LRND holds the LRN Descriptor

func CreateLRNDescriptor

func CreateLRNDescriptor() (*LRND, error)

CreateLRNDescriptor creates an RND descriptor

func (*LRND) Destroy

func (l *LRND) Destroy() error

Destroy destroys the descriptor if not using gc it will just return nil if not on. Currently gc is always on

func (*LRND) DivisiveNormalizationBackward

func (l *LRND) DivisiveNormalizationBackward(
	handle *Handle,
	mode DivNormMode,
	alpha float64,
	xD *TensorD, x, means, dy, temp, temp2 cutil.Mem,
	beta float64,
	dXdMeansDesc *TensorD, dx, dMeans cutil.Mem,
) error

DivisiveNormalizationBackward LRN cross-channel backward computation. Double parameters cast to tensor data type

func (*LRND) DivisiveNormalizationBackwardUS

func (l *LRND) DivisiveNormalizationBackwardUS(
	handle *Handle,
	mode DivNormMode,
	alpha float64,
	xD *TensorD, x, means, dy, temp, temp2 unsafe.Pointer,
	beta float64,
	dXdMeansDesc *TensorD, dx, dMeans unsafe.Pointer,
) error

DivisiveNormalizationBackwardUS is like DivisiveNormalizationBackward but using unsafe.Pointer instead of cutil.Mem

func (*LRND) DivisiveNormalizationForward

func (l *LRND) DivisiveNormalizationForward(
	handle *Handle,
	mode DivNormMode,
	alpha float64,
	xD TensorD, x, means, temp, temp2 cutil.Mem,
	beta float64,
	yD TensorD, y cutil.Mem,
) error

DivisiveNormalizationForward LCN/divisive normalization functions: y = alpha * normalize(x) + beta * y

func (*LRND) DivisiveNormalizationForwardUS

func (l *LRND) DivisiveNormalizationForwardUS(
	handle *Handle,
	mode DivNormMode,
	alpha float64,
	xD TensorD, x, means, temp, temp2 unsafe.Pointer,
	beta float64,
	yD TensorD, y unsafe.Pointer,
) error

DivisiveNormalizationForwardUS is like DivisiveNormalizationForward but using unsafe.Pointer instead of cutil.Mem

func (*LRND) Get

func (l *LRND) Get() (lrnN uint32, lrnAlpha float64, lrnBeta float64, lrnK float64, err error)

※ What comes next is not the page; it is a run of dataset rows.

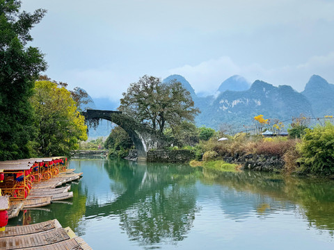 烟雨中的阳朔,别有一番美意,只是今天雨实在是太大了,以至于我们的十里画廊也是开车游览,同时摄影师此时正在兼职司机,也没有留下照片,都说眼睛是最好的相机,就把这段旅途的风景都用这“人工相机”来记录吧!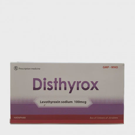 Thuốc Disthyrox là sản phẩm của Công ty Cổ phần Dược phẩm Hà Tây, có thành phần chính là Levothyroxine. Thuốc được chỉ định để điều trị thay thế hoặc bổ sung cho các hội chứng suy giáp do bất cứ nguyên nhân nào ở tất cả các lứa tuổi, tác dụng ức chế tiết thyrotropin (TSH) trong bướu cổ đơn thuần và trong bệnh viêm giáp mạn tính, phối hợp với các thuốc kháng giáp trong nhiễm độc giáp.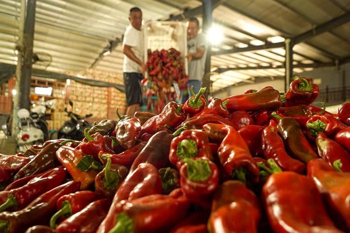 首页 安徽五河:辣椒红 产业火 2022-07-13 08:54:05 分享 人民网五河7月12日电 7月10日,安徽省蚌埠市五河县朱顶镇陈台村的辣椒种植基地里,工人们正忙着在大棚内采摘、分捡、打包辣椒,忙碌的场景构成了一幅美丽的丰收图画。种植基地相关负责人介绍,近年来,基地流转近2300亩土地用于泡椒种植,搭建近4000个 大棚,辐射带动周边10多个村镇进行辣椒种植,周边百余名村民也来基地务工。今年市场行情较好,泡椒价格从去年的0.8元每斤提高至2.4元,亩均接近 5000元,实现村民致富增收。(胡雨松、李向前)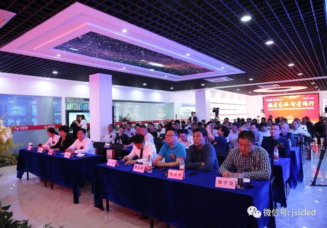 江蘇亮彩電子有限公司總經理章九余先生、利亞德渠道中心副總經理吳斌先生、今創集團(股票代碼603680)董事局主席俞金坤和常州市工商聯副主席韓紅衛女士共同上臺進行揭牌和授牌儀式。
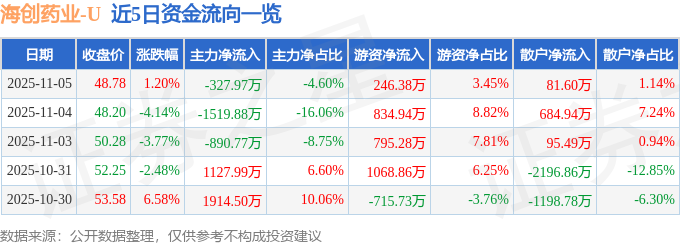 证券之星消息,截至2025年11月5日收盘,海创药业(688302)报收于48.78元,上涨1.2%,换手率1.47%,成交量1.46万手,成交额7132.32万元。
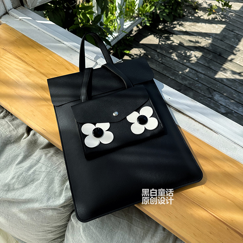 黑白童话轻薄pu皮质花朵笔记本电脑包16寸小众高级感简约收纳包适用苹果MacBook Air13.3寸pro华为mate14寸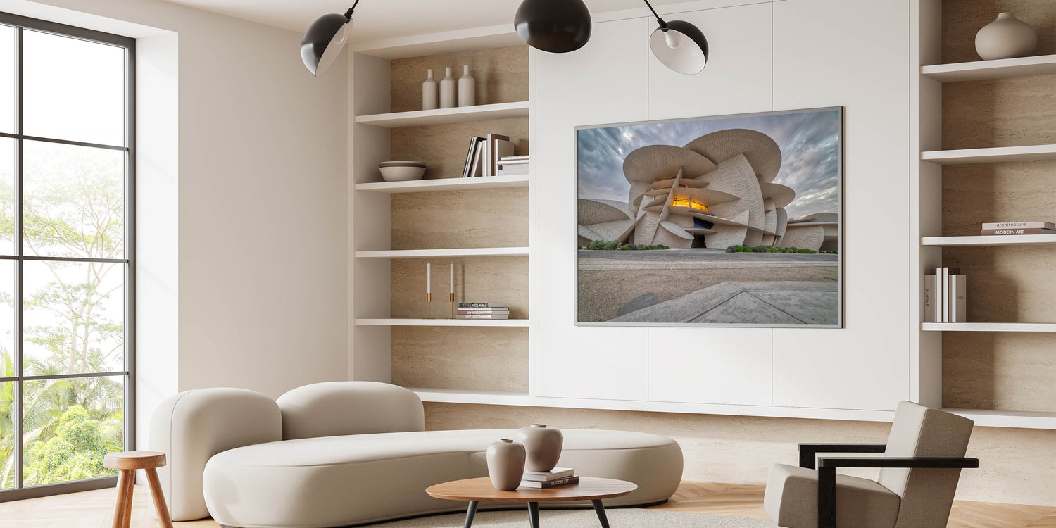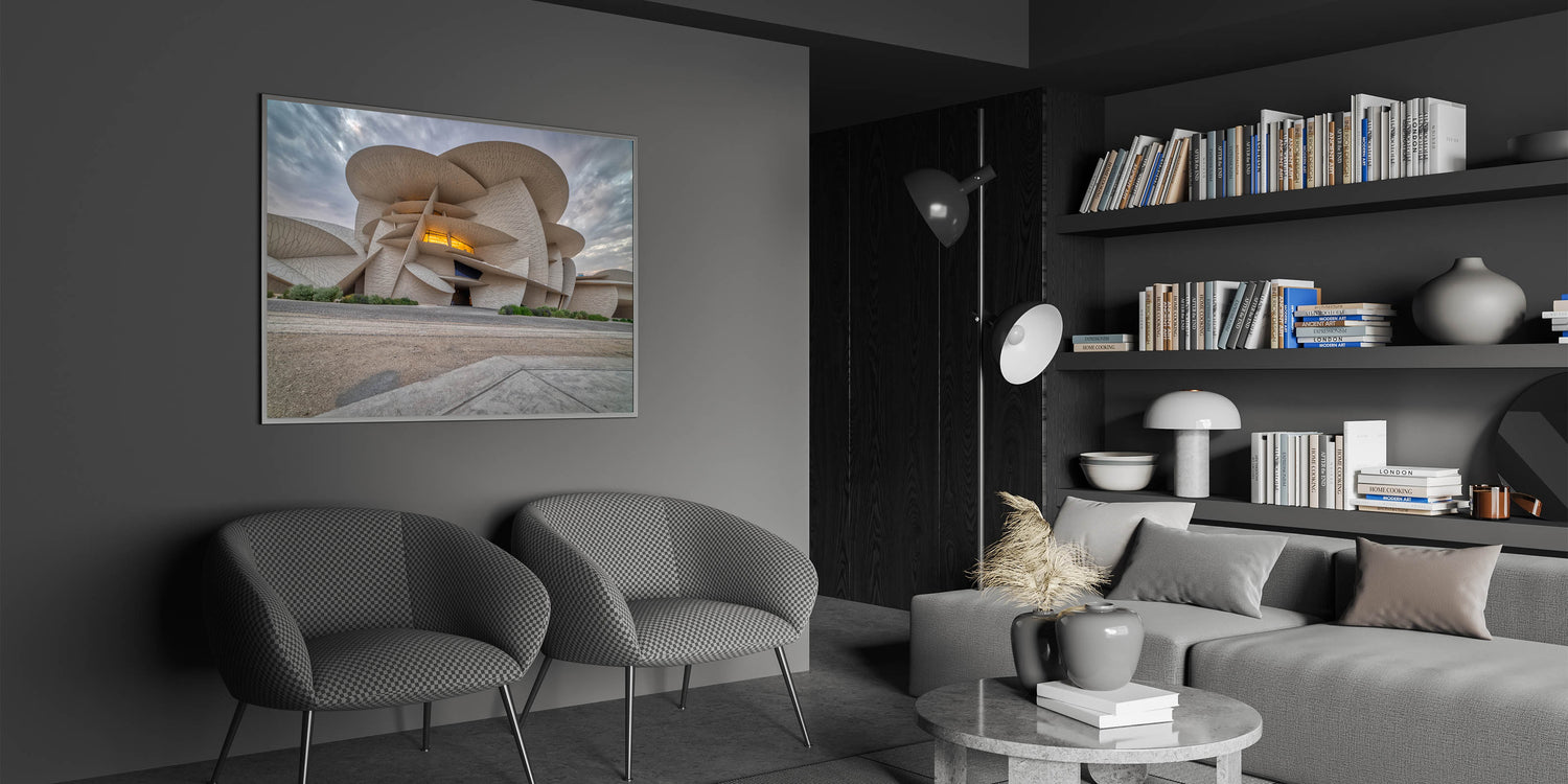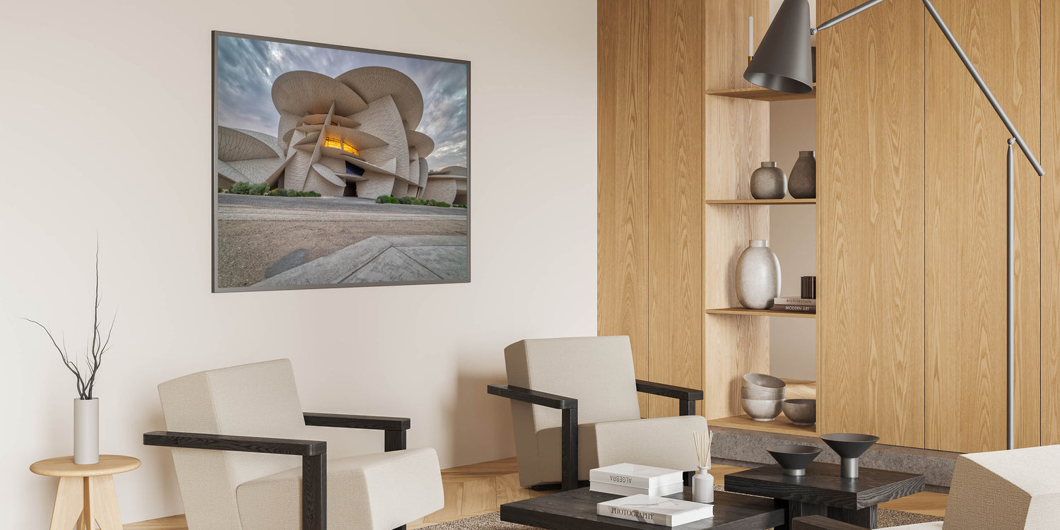 Showcase the cutting-edge architecture of Qatar with our "Modern Architecture Qatar - Iconic Building Canvas Print." This artwork captures the dynamic and innovative design of one of Qatar’s most distinctive buildings, characterized by its unique, flowing form and intricate textures.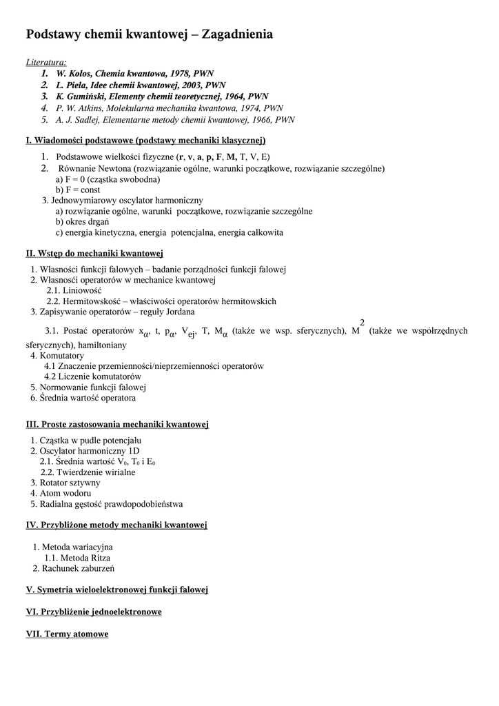 Podstawy chemii kwantowej – Zagadnienia Literatura: 1. W. Kołos, Chemia kwantowa, 1978, PWN 2. L. Piela, Idee chemii kwantowej, 2003, PWN 3. K. Gumiński, Elementy chemii teoretycznej, 1964, PWN 4. P. W. Atkins, Molekularna mechanika kwantowa, 1974, PWN 5. A. J. Sadlej, Elementarne metody chemii kwantowej, 1966, PWN I. Wiadomości podstawowe (podstawy mechaniki klasycznej) 1. Podstawowe wielkości fizyczne (r, v, a, p, F, M, T, V, E) 2. Równanie Newtona (rozwiązanie ogólne, warunki początkowe, rozwiązanie szczególne) a) F = 0 (cząstka swobodna) b) F = const 3. Jednowymiarowy oscylator harmoniczny a) rozwiązanie ogólne, warunki początkowe, rozwiązanie szczególne b) okres drgań c) energia kinetyczna, energia potencjalna, energia całkowita II. Wstęp do mechaniki kwantowej 1. Własności funkcji falowych – badanie porządności funkcji falowej 2. Własnosći operatorów w mechanice kwantowej 2.1. Liniowość 2.2. Hermitowskość – właściwości operatorów hermitowskich 3. Zapisywanie operatorów – reguły Jordana 3.1. Postać operatorów xα, t, pα, Vej, T, Mα (także we wsp. sferycznych), M sferycznych), hamiltoniany 4. Komutatory 4.1 Znaczenie przemienności/nieprzemienności operatorów 4.2 Liczenie komutatorów 5. Normowanie funkcji falowej 6. Średnia wartość operatora III. Proste zastosowania mechaniki kwantowej 1. Cząstka w pudle potencjału 2. Oscylator harmoniczny 1D 2.1. Średnia wartość V0, T0 i E0 2.2. Twierdzenie wirialne 3. Rotator sztywny 4. Atom wodoru 5. Radialna gęstość prawdopodobieństwa IV. Przybliżone metody mechaniki kwantowej 1. Metoda wariacyjna 1.1. Metoda Ritza 2. Rachunek zaburzeń V. Symetria wieloelektronowej funkcji falowej VI. Przybliżenie jednoelektronowe VII. Termy atomowe 2 (także we współrzędnych

Get returns the descriptor values that were set with set

func (*LRND) LRNCrossChannelBackward

func (l *LRND) LRNCrossChannelBackward(
	handle *Handle,
	mode LRNmode,
	alpha float64,
	yD *TensorD, y cutil.Mem,
	dyD *TensorD, dy cutil.Mem,
	xD *TensorD, x cutil.Mem,
	beta float64,
	dxD *TensorD, dx cutil.Mem,
) error

LRNCrossChannelBackward LRN cross-channel backward computation. Double parameters cast to tensor data type

func (*LRND) LRNCrossChannelBackwardUS

func (l *LRND) LRNCrossChannelBackwardUS(
	handle *Handle,
	mode LRNmode,
	alpha float64,
	yD *TensorD, y unsafe.Pointer,
	dyD *TensorD, dy unsafe.Pointer,
	xD *TensorD, x unsafe.Pointer,
	beta float64,
	dxD *TensorD, dx unsafe.Pointer,
) error

LRNCrossChannelBackwardUS is like LRNCrossChannelBackward but using unsafe.Pointer instead of cutil.Mem

func (*LRND) LRNCrossChannelForward

func (l *LRND) LRNCrossChannelForward(
	handle *Handle,
	mode LRNmode,
	alpha float64,
	xD *TensorD, x cutil.Mem,
	beta float64,
	yD *TensorD, y cutil.Mem,
) error

LRNCrossChannelForward LRN cross-channel forward computation. Double parameters cast to tensor data type

func (*LRND) LRNCrossChannelForwardUS

func (l *LRND) LRNCrossChannelForwardUS(
	handle *Handle,
	mode LRNmode,
	alpha float64,
	xD *TensorD, x unsafe.Pointer,
	beta float64,
	yD *TensorD, y unsafe.Pointer,
) error

LRNCrossChannelForwardUS is like LRNCrossChannelForward but using unsafe.Pointer instead of cutil.Mem

func (LRND) MaxN

func (l LRND) MaxN() uint32

MaxN returns the constant lrnmaxN

func (LRND) MinBeta

func (l LRND) MinBeta() float64

MinBeta returns lrnminBeta constant

func (LRND) MinK

func (l LRND) MinK() float64

MinK returns lrnminK constant

func (LRND) MinN

func (l LRND) MinN() uint32

MinN returns the constant lrminN

func (*LRND) Set

func (l *LRND) Set(lrnN uint32,
	lrnAlpha,
	lrnBeta,
	lrnK float64) error

Set sets the LRND

func (*LRND) String

func (l *LRND) String() string

type LRNmode

type LRNmode C.cudnnLRNMode_t

LRNmode is used for the flags in LRNmode

func (*LRNmode) CrossChanelDim1

func (l *LRNmode) CrossChanelDim1() LRNmode

CrossChanelDim1 sets l to and returns LRNmode( C.CUDNN_LRN_CROSS_CHANNEL_DIM1)

func (LRNmode) String

func (l LRNmode) String() string

type MathType

type MathType C.cudnnMathType_t

MathType are flags to set for cudnnMathType_t and can be called by types methods

func (*MathType) AllowConversion

func (m *MathType) AllowConversion() MathType

AllowConversion return MathType(C.CUDNN_TENSOR_OP_MATH_ALLOW_CONVERSION)

func (*MathType) Default

func (m *MathType) Default() MathType

Default sets m to MathType(C.CUDNN_DEFAULT_MATH) and returns changed value

func (MathType) String

func (m MathType) String() string

String satisfies the stringer interface

func (*MathType) TensorOpMath

func (m *MathType) TensorOpMath() MathType

TensorOpMath return MathType(C.CUDNN_TENSOR_OP_MATH)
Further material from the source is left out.